US Secretary of State Mike Pompeo has said that the dispute between Ethiopia and Egypt over the massive Grand Ethiopian Renaissance Dam (GERD) project on the Nile River “could take months”, but added that he is “optimistic” that the disagreement will be resolved.
“A great deal of work remains, but I’m optimistic that over the coming months we can resolve this,” he said during a press conference on Tuesday in Addis Ababa during his visit to the African country on 18 and 19 February.
A final agreement over the GERD between Egypt, Sudan, and Ethiopia is supposed to be reached by the end of February.
Pompeo met on Tuesday with Ethiopia’s Prime Minister Abiy Ahmed and the Chairperson of the African Union Commission Moussa Faki Mahamat.
He said that he discussed with Ahmed “expanding the US-Ethiopia partnership.
“I emphasised the importance of free and fair elections in 2020 and our deep appreciation for Ethiopia’s leadership to ensure peace and stability in the Horn of Africa,” he added.
Ethiopia is the last stop on Pompeo’s tour of Africa, which included Senegal and Angola.
Last week, the ministers of Egypt, Ethiopia, and Sudan and their delegations met in Washington with the US Secretary of Treasury and the President of the World Bank -who are participating as observers- to continue negotiations on the filling and operation of the GERD.
The minister reviewed the progress achieved by their technical and legal teams and continued their discussions on the remaining issues necessary for a final agreement, according to a joint statement.

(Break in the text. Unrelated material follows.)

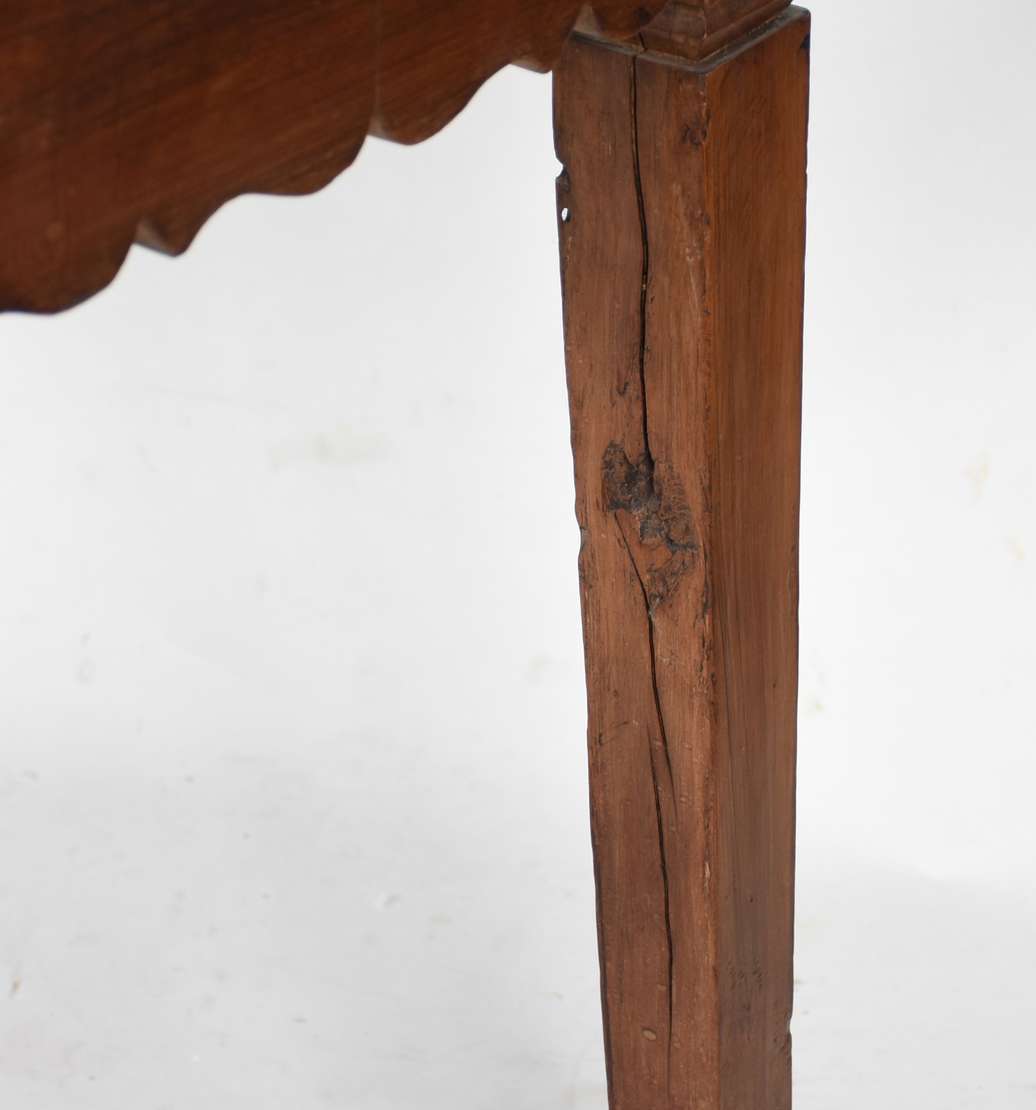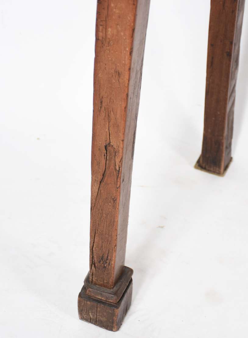 Mesa de centro de madeira nobre patinada, apoio em quatro figuras entalhadas de Cães de Fó, tampo de vidro.

The US Department of Treasury and the World Bank will participate in drafting the final agreement to present to Egypt, Sudan, and Ethiopia during the upcoming days for signing scheduled for the end of February, Egyptian Foreign Ministry said following the meeting.
Egypt sought international meditation after talks with Ethiopia reached a “deadlock” in October 2019.
In November, Egypt, Ethiopia, and Sudan agreed to continue talks over the disputed GERD and to reach a deal by 15 January 2020, but no deal has been reached yet.
Egypt depends on the Nile for more than 70% of its water supply for drinking, industry, and agriculture, and is concerned that the GERD will imperil its share of Nile water and cause “harm” to its people.
The dispute between Egypt and Ethiopia is concentrated on the period of filling the GERD’s reservoir.
Ethiopia seeks to make the GERD, which costs $4.7bn, the largest hydropower project in Africa. The dam, of which 70% has already been established, is expected to generate more than 6,000MW of electricity by 2021.